Not yet recovered from Max’s anger, she watched as he turned toward the back door. Before he could open it, she called out. “Thanks for helping me with Max.”
He hesitated and turned back to her. “He’s a great kid, Lainey. Don’t be too hard on him. He’s just beginning to try his wings and is testing how to gain his independence. He’ll be all right.”
“I hope so.” She picked up the dishes from the table and stalked to the sink. They rattled when she set them down. She gripped the edge of the counter for a moment before she turned around and saw that he had followed her. He stood only a few feet away, his hands in his pockets just as Max had done a few minutes earlier, and stared at her with a questioning look on his face.
“Do you have some concerns about Max?”
She crossed her arms and leaned with her back against the kitchen counter. “Max isn’t a soldier who has to follow orders, and I don’t want you filling his head full of nonsense about your so-called glamorous lifestyle.”
His eyebrows arched. “I told him it was anything but that.”
“You can tell me that, and I believe it. But a ten-year-old boy doesn’t.” She straightened and glared at him. “I’m thankful you came home to help us, but I don’t want Max hurt in any way—physically or emotionally.”
He blinked, and then his eyes widened in disbelief. “You think I’d hurt him?”
“I don’t know.
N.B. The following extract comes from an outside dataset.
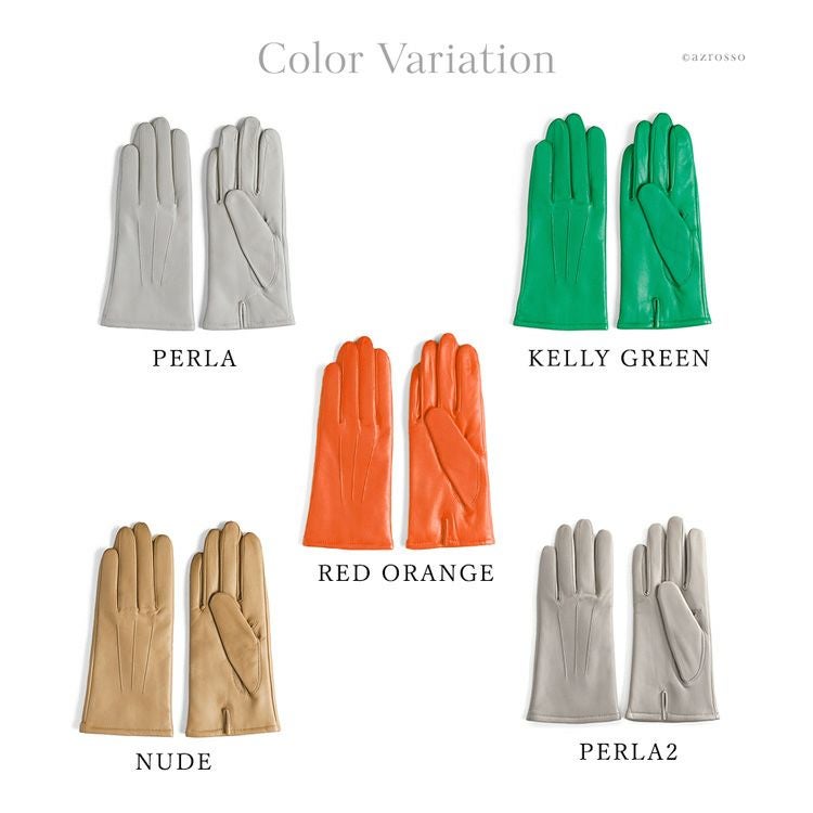 商品画像9 商品画像10 カラーバリエーション 寸法画像 手袋サイズガイド レディース・革 着用感画像 モデル画像 PERLA モデル画像 KELLY GREEN モデル画像 RED ORANGE モデル画像 NUDE モデル画像 PERLA2 共通ラッピング画像

But your exploits certainly appeal to an impressionable boy. When this danger we’re caught up in is over, I don’t want to have to deal with Max’s disappointment when you disappear from his life. I did it and survived, but I don’t want that for my son.”
Ash’s lip curled up in a sneer, and he let his gaze sweep around the room. “Yeah, you certainly did survive, and I have to say you didn’t do too badly. You ended up with everything my family worked for—the business, the house, and all the money. What more could you want?”
His words felt like a kick in the stomach, and she recoiled. “You left me to go off and play army with your friends. What was I supposed to do?”
He clenched his fists at his sides and took another step toward her. “You weren’t supposed to marry my brother!” he yelled.